Engagé depuis plus de  20 ans dans toutes les étapes de la montée en puissance de l’intercommunalité, Philippe Schmit ne voit pas dans la planification la meilleure entrée : « La sobriété foncière, c’est d’abord une question de culture partagée entre toutes les parties prenantes, y compris l’Etat, les régions et les départements ».

Pour l’AdCF, les futurs contrats de relance et de transition énergétique constitueraient un cadre approprié à la recherche de la synthèse entre deux injonctions contradictoires : construire des logements et stopper l’artificialisation des sols.

Double sanction

Le procès contre la rigidité de l’approche planificatrice s’ajoute aux craintes d’une application mécanique et systématique de l’objectif d’une division par deux de la consommation d’espaces, d’ici 2030 : « Cela implique une double sanction, pour les territoires qui ont déjà redoublé d’efforts.
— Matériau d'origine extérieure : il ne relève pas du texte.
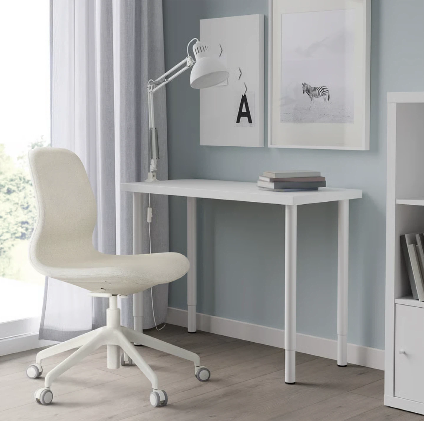 Selling a simple white desk that's perfect for a home office or study space! It measures 100 cm (39 3/8") in length and 45 cm (17 3/4") in width. The height is adjustable from 60-90 cm (23 5/8 - 35 3/8").

Nombre d’entre eux sont allés jusqu’au rétrozonage de leurs espaces urbanisés, quitte à affronter la fronde des propriétaires frustrés dans leurs espoirs de valorisation foncière », rappelle Philippe Schmit.
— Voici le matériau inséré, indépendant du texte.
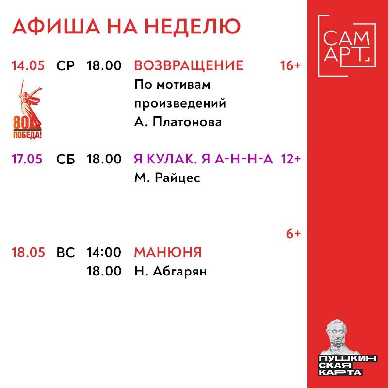 АФИША НА НЕДЕЛЮ: 12 — 18 мая Разбираемся, что смотреть: К юбилею Великой Победы: 🟥 Возвращение | 16+ 14 мая | 18:00 Билетов нет Эскиз-театр: 🟪 «Я КУЛАК. Я А-Н-Н-А» | 12+ 17 мая | 18:00 Купить билеты В театр всей семьёй: 🟥 «Манюня» | 6+ 18 мая | 14:00 и 18:00 Купить билеты

Les échéances posées par le projet de loi, pour l’actualisation des PLUi et des schémas de cohérence territoriale, approfondissent le fossé entre l’Etat et les intercommunalités : « Il faudrait tout remettre sur le métier, quelques mois après la finalisation de nombreux PLUi, et au moment même où la loi de finance interdit la récupération de la TVA pour l’élaboration des documents d’urbanisme », s’insurge le secrétaire général de l’AdCF.

Marges de manœuvre

A l’objection de la rigidité, Matignon oppose la marge de manœuvre compatible avec l’objectif global : « Des modulations sont possibles à toutes les mailles infrarégionales, jusqu’au PLU. Les débats à venir pourront aussi porter sur une modulation interrégionale », indique l’entourage du Premier ministre Jean Castex.
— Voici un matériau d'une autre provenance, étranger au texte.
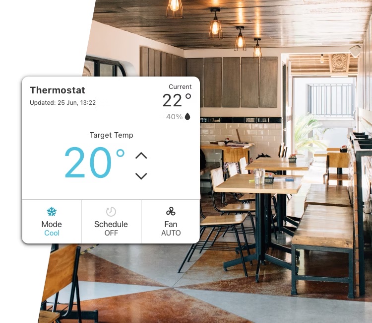 Ta grep om energistyring i bedriftens lokaler. Med flere tiltak kan energi spares. Det kan være styring av termostater i rom, benytte automatiseringer når lokalene er i bruk for opp og nedregulering av temperatur, styre screens/ ytre solskjerminger og knytte styring av solcellepanel inn i systemet.

Pour montrer la puissance de ses ambitions, le gouvernement invite à élargir l’analyse au-delà du seul projet issu de la convention citoyenne : « il s’ajoute à la loi d’orientation sur les mobilités, à France Relance, à la loi Energie. Les travaux de fonds de ces quatre dernières années nous placent bien sur la trajectoire européenne de réduction de notre empreinte carbone. L’enjeu, c’est l’entrée de la transition écologique dans la société », martèle Matignon…

L’élargissement du raisonnement ne fait pas oublier l’étude d’impact officielle du projet de loi : le texte ne permettrait que de « sécuriser l’atteinte d’entre la moitié et les deux tiers du chemin à parcourir entre les émissions en 2019 et la cible en 2030, soit une réduction de 112 MtCO2eq/an ».